To hold onto anger is like a festering sore that will eventually turn septic.

It might not happen right away, but, I would eventually have to forgive for my own peace of mind and well being.

That being said, if my partner cheats, that would be the end of the relationship.

One of the key components of a healthy relationship is trust.

Cheating destroys the trust. If you would not do it with your partner's eyes on you and/or without the partner knowing, than doing it is cheating (obviously that is within common sense, not talking about taking a crap or something).

Let say you stay with a cheating partner.

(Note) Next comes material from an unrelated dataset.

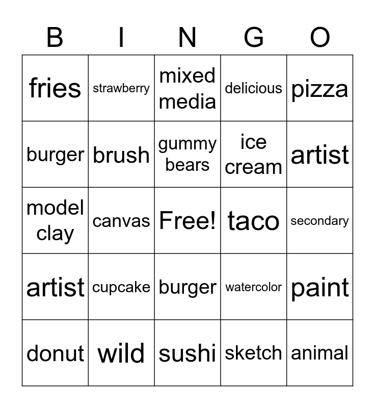 This bingo card has a free space and 25 words: cupcake, sushi, gummy bears, donut, pizza, fries, burger, strawberry, taco, burger, ice cream, model clay, watercolor, paint, brush, primary, secondary, mixed media, artist, canvas, animal, wild, artist, delicious and sketch.
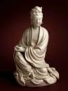 德化窑白瓷佛造像达到艺术巅峰,景德镇彩瓷佛像亦蓬勃发展。德化白瓷(明清鼎盛):胎釉一体,胎质致密,釉色乳白如凝脂(“象牙白”“猪油白”)。以手工雕塑为主,大师何朝宗等人开创“捏、塑、雕、刻、刮、削、接、贴”八法。衣纹流畅自然,如出水飘带。造型多见观音、达摩、如来等题材,神态慈悲静谧,注重人物气质表达。

How could you ever keep from thinking that the next time they are 45 minutes late, the next time they end a phone call as you enter the room, the next time a conversation between partner and someone else ended just as you got there, etc etc , that they aren't fucking around. The doubt will always be in the back of your head.

How do you keep from that? You could have them account for every minute of the day you are apart. Phone them every hour and they must answer after 2 rings. Check the car mileage after every trip. Always keep an eye on them constantly at a party. Check and smell their clothes and body every time they come back. And so on, and so on. Neither party can continue like that.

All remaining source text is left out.